Your assignment:
The expected response is the complete listing below, restated exactly, with its pictures omitted.

Start of Data section

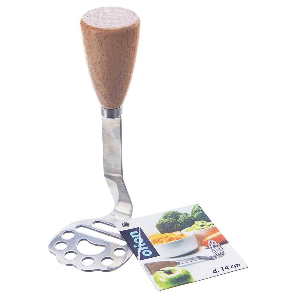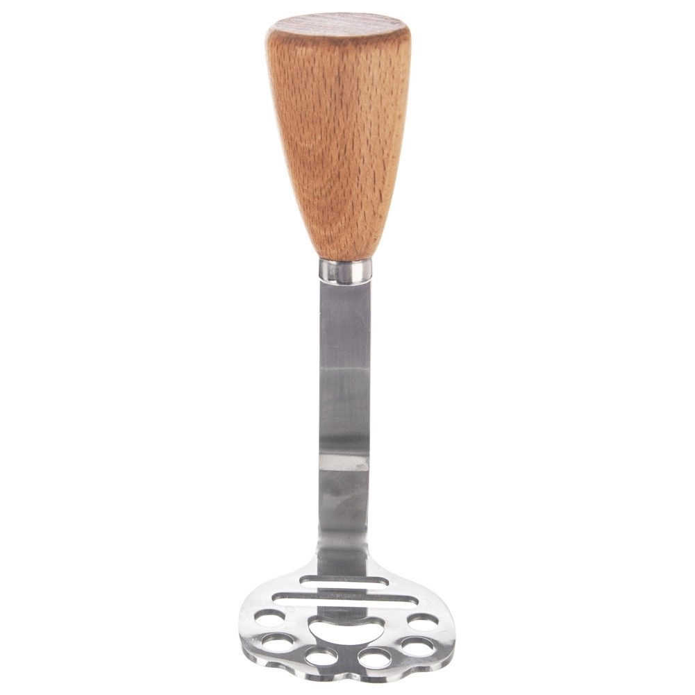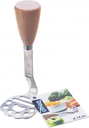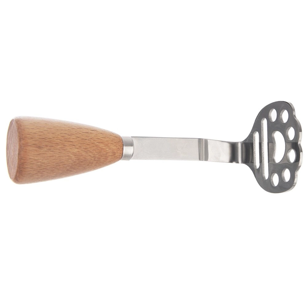 Praktyczna praska do ziemniaków i warzyw z wysokiej jakości stali nierdzewnej z ergonomiczną drewnianą rączką zapewnia gładkie purée bez wysiłku. Kompaktowe wymiary 5,5 × 14,5 cm, solidne wykonanie, łatwe czyszczenie i uniwersalne zastosowanie do ziemniaków, warzyw, owoców oraz past i smarowideł.
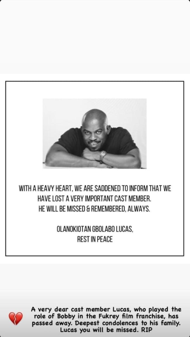 A dear cast member Olanokiotan Gbolabo Lucas, who played the role of Bobby in the Fukrey film franchise, has passed away. Deepest condolences to his family. You will be missed.. RIP. pic.twitter.com/l44qzqa8qb
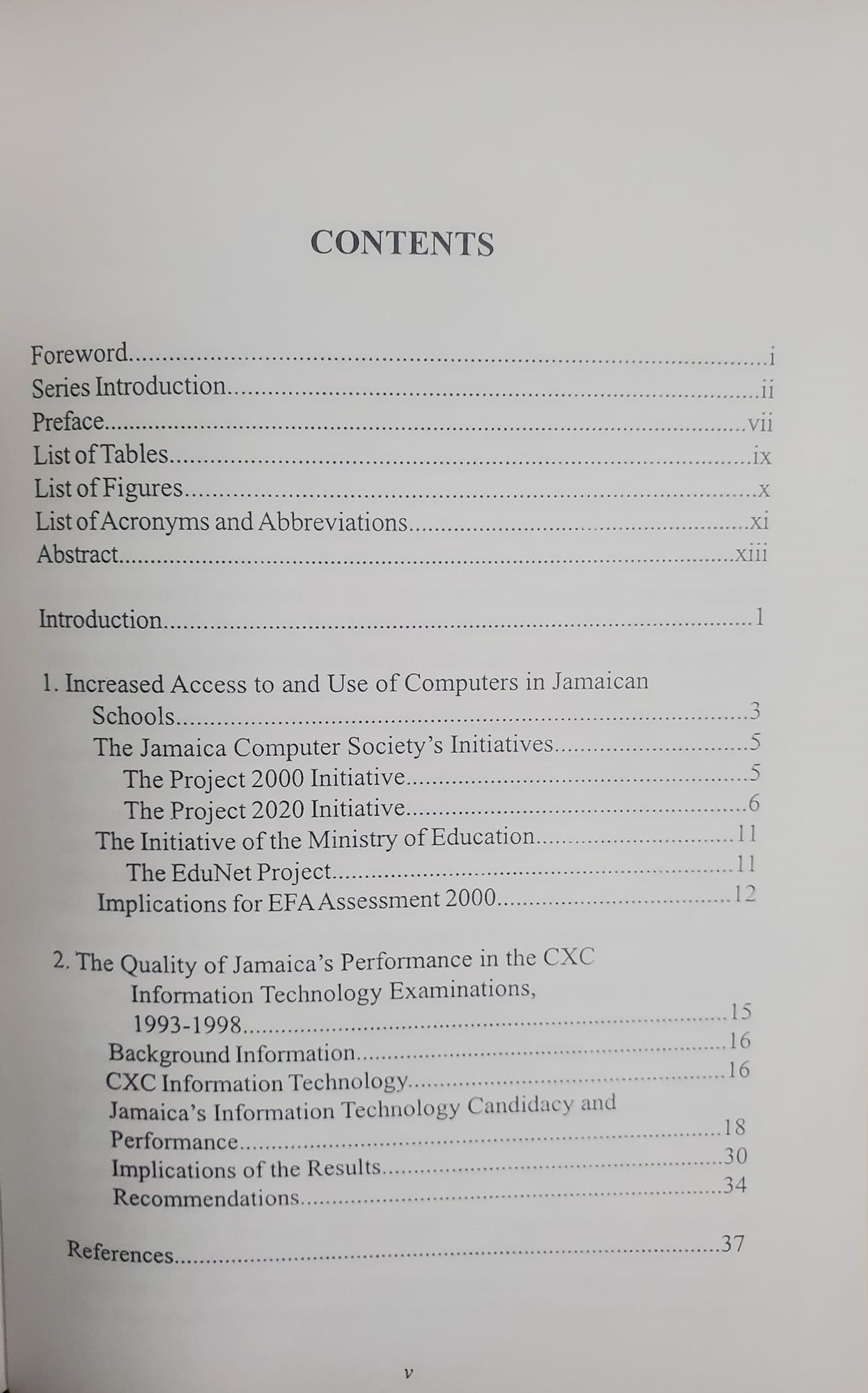 This monograph describes the initiatives that enabled the introduction of computers to Jamaican primary and secondary schools. It also describes student performance on the Caribbean Examinations Council (CXC) Information Technology (IT) examination over a period of six years. The results show that each year more candidates were entered for the Technical Proficiency level than the General Proficiency level of the examination. The monograph further shows that student performance at the General Proficiency level steadily improved over the six years, while it fluctuated at the Technical Proficiency level. It highlights the fact that the performance of Jamaican candidates improved significantly in the year CXC instituted the six-point grading system. However, most of the passes were below the Grade 1 level. The data suggests that there may be deficiencies in the education system that caused IT teachers to show a preference for teaching the Technical Proficiency syllabus. The implications of this occurrence as it relates to tertiary level training in computer science are discussed.

End of Data section

Solution to this problem:
 Praktyczna praska do ziemniaków i warzyw z wysokiej jakości stali nierdzewnej z ergonomiczną drewnianą rączką zapewnia gładkie purée bez wysiłku. Kompaktowe wymiary 5,5 × 14,5 cm, solidne wykonanie, łatwe czyszczenie i uniwersalne zastosowanie do ziemniaków, warzyw, owoców oraz past i smarowideł.
 A dear cast member Olanokiotan Gbolabo Lucas, who played the role of Bobby in the Fukrey film franchise, has passed away. Deepest condolences to his family. You will be missed.. RIP. pic.twitter.com/l44qzqa8qb
 This monograph describes the initiatives that enabled the introduction of computers to Jamaican primary and secondary schools. It also describes student performance on the Caribbean Examinations Council (CXC) Information Technology (IT) examination over a period of six years. The results show that each year more candidates were entered for the Technical Proficiency level than the General Proficiency level of the examination. The monograph further shows that student performance at the General Proficiency level steadily improved over the six years, while it fluctuated at the Technical Proficiency level. It highlights the fact that the performance of Jamaican candidates improved significantly in the year CXC instituted the six-point grading system. However, most of the passes were below the Grade 1 level. The data suggests that there may be deficiencies in the education system that caused IT teachers to show a preference for teaching the Technical Proficiency syllabus. The implications of this occurrence as it relates to tertiary level training in computer science are discussed.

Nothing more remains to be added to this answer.